George Couros thinks that educators need to focus on video and computer skills rather than teaching cursive handwriting. He is the principal of innovative teaching for Parkland School Division in Edmonton, Canada and says communication is evolving.
Jim Brand, another Canadian educator, says cursive should still be taught because it helps develop hand-eye coordination, fine motor skills and even creativity. He has gone so far as to say the quality of work on paper seems better than typed work because of the creativity that is sparked when people hand write their work.

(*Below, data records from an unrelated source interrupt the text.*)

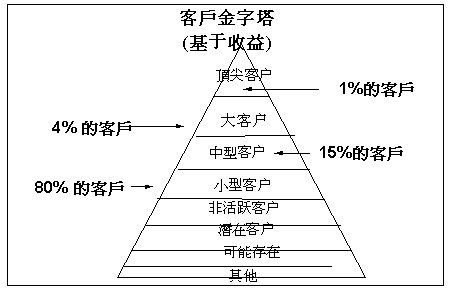 將數(shù)據(jù)以圖象化形式輸出,易于向你展示正在發(fā)生何事。簡單如一個金字塔,其頂部(百分之一)表示盈利最高的頂尖客戶,下一層為大客戶(百分之四),然后是中型(百分之十五)和小客戶(百分之八十),最后是不活躍的、潛在的、可能存在的客戶及其它各種等等。
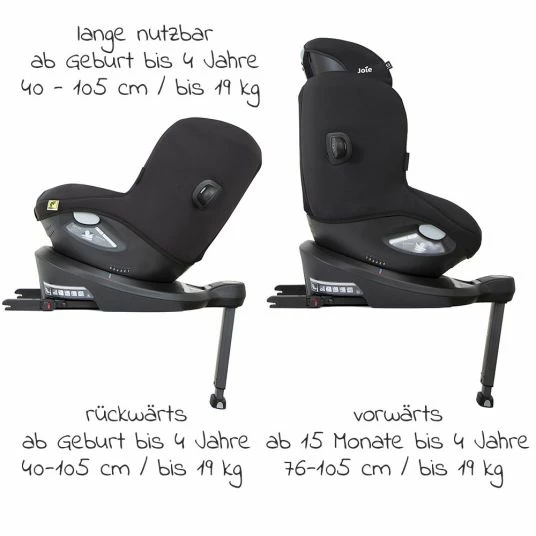 - Lange Nutzungsdauer, lรคnger rรผckwรคrtsgerichtet fahren: rรผckwรคrtsgerichtet ab Geburt bis ca. 4 Jahre 40 – 105 cm, (max. 19 kg); vorwรคrtsgerichtet ab 15 Monate bis ca. 4 Jahre 76 โ 105 cm (max. 19 kg) mรถglich
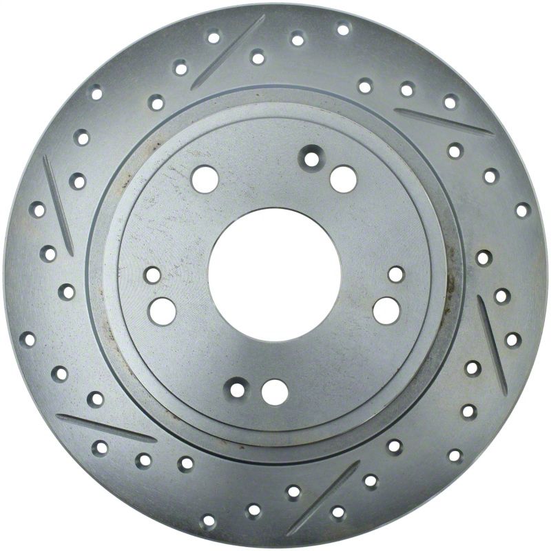 StopTech Drilled and Slotted Sport Rotors are 1-piece direct replacement brake discs for factory brake systems and stock calipers that look great behind your wheels and offer significantly improved braking performance. The unique cross-drilling and slotting aids with heat and brake dust dispersal; prevents glazing of the pads; adds bite and improves wet and dry braking performance. Built to last; the black e-coating provides protection from corrosion and the high carbon metallurgy (in most applications) offers quieter operation; better crack resistance and increased performance.

Vimala Rodgers, an educator, handwriting expert, and Master Alphabetician, and author of the bestseller, Your Handwriting Can Change Your Life, says you are making a personal statement about the attitudes that run your life. She says it is the subconscious mind that moves the pen, not the hand; and through writing one can reprogram the subconscious, break the bonds of outdated thinking habits, and awaken sleeping talents, abilities and dreams. (Now that is a tall order!)
As a second grade teacher, I can tell you that students ask to learn cursive. One student last year had completely taught himself (with some help from his parents maybe?) and preferred to do his writing assignments in cursive. Other students were attempting to imitate him and teach themselves.
This year it will be part of the curriculum and is built into the Pearson reading program we are using. I think it can be a creative, fun activity and plan to enjoy teaching it this year.